By default that opportunity would be seized by Novak Djokovic, the champ in 2016 and 2021, and the world No. 1 until the end of this week. But his clay season has been quiet heading into the main event. A loss to budding clay-court killer Lorenzo Musetti in Monte Carlo didn’t necessarily raise eyebrows. But a loss to his countryman Dusan Lajovic in Banja Luka the next week did. (Lajovic had won just four games total in their previous two matches.) Djokovic was not so sunny in the aftermath: “I didn’t feel well on the court. My legs were slow and my footwork was torpid; many missed shots, totally without direction.” He played those matches with a strapped-up right elbow. He skipped Madrid to recover.

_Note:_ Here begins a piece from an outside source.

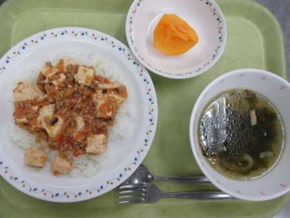 麻婆豆腐丼 牛乳 わかめスープ 果物(柿)
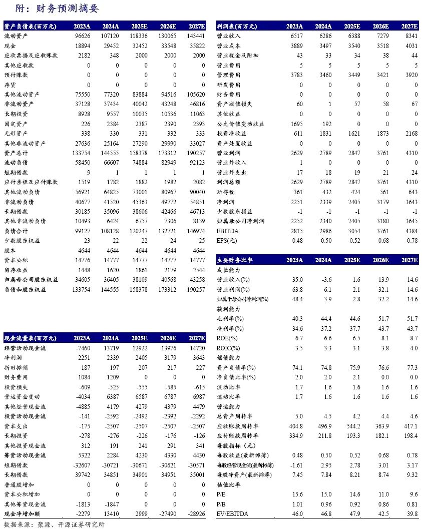 2024年公司营业总收入/归母净利润为62.9/23.4亿元,同比-4%/+4%,符合我们预期,加权平均ROE6.59%,同比-0.08pct,权益乘数(扣客户保证金)3.22倍,同比-0.1倍。2025Q1营业总收入/归母净利润为10.7/2.9亿元,同比-24%/-37%,一季报低于我们预期,年化加权平均ROE3.16%,同比-2.1pct。一季度自营投资收益同比下降拖累业绩,预计受债市走弱影响。考虑公司自营投资收益低于我们预期,下调2025、2026年归母净利润预测至24/32亿元(调前28/34),新增2027年预测36亿元,同比+3%/+32%/+15%,ROE6.5%/8.1%/8.7%,EPS为0.5/0.7/0.8元。公司区位优势突出,母公司财富管理持续改善,子公司支撑ROE。当前股价对应PB 0.9/0.9/0.8倍,维持“买入”评级。

This week in Rome he looked physically subpar in his quarterfinal against Holger Rune, taking a painkiller during a changeover and losing to the 20-year-old in three sets on slow wet clay. After the match he remained justifiably confident: “I always like my chances in Grand Slams against anybody in best-of-five.” He has made a habit of winning majors with live injuries, so I take him at his word.

Still, with that context, the actual favorite is Carlos Alcaraz, who will return to No. 1 ranking next week and has thus far assembled an extremely Carlos Alcaraz 30–3 season. Titles in Barcelona and Madrid solidified his clay agenda. A third-round loss in Rome to the flamethrowing qualifier Fabian Maroszan shouldn’t take too much shine off of his dominant start to the year. Hauntingly, the 20-year-old Alcaraz looks even better than the 19-year-old Alcaraz, who already seemed like a manufacturing error, an affront to the idea that skills must be developed over time. His serve is bigger now. His backhand is more reliable. He is, somehow, even faster, able to ghost his way to the net right after desperate defensive digs. All that youthful flash and invention are still intact. At present Alcaraz is the most complete player in the men’s game, and after missing out on Australia with a leg injury, he has an opportunity to solidify that status with the first of his Roland-Garros titles: I wouldn’t bank on 14, but maybe I wouldn’t stop at five, either.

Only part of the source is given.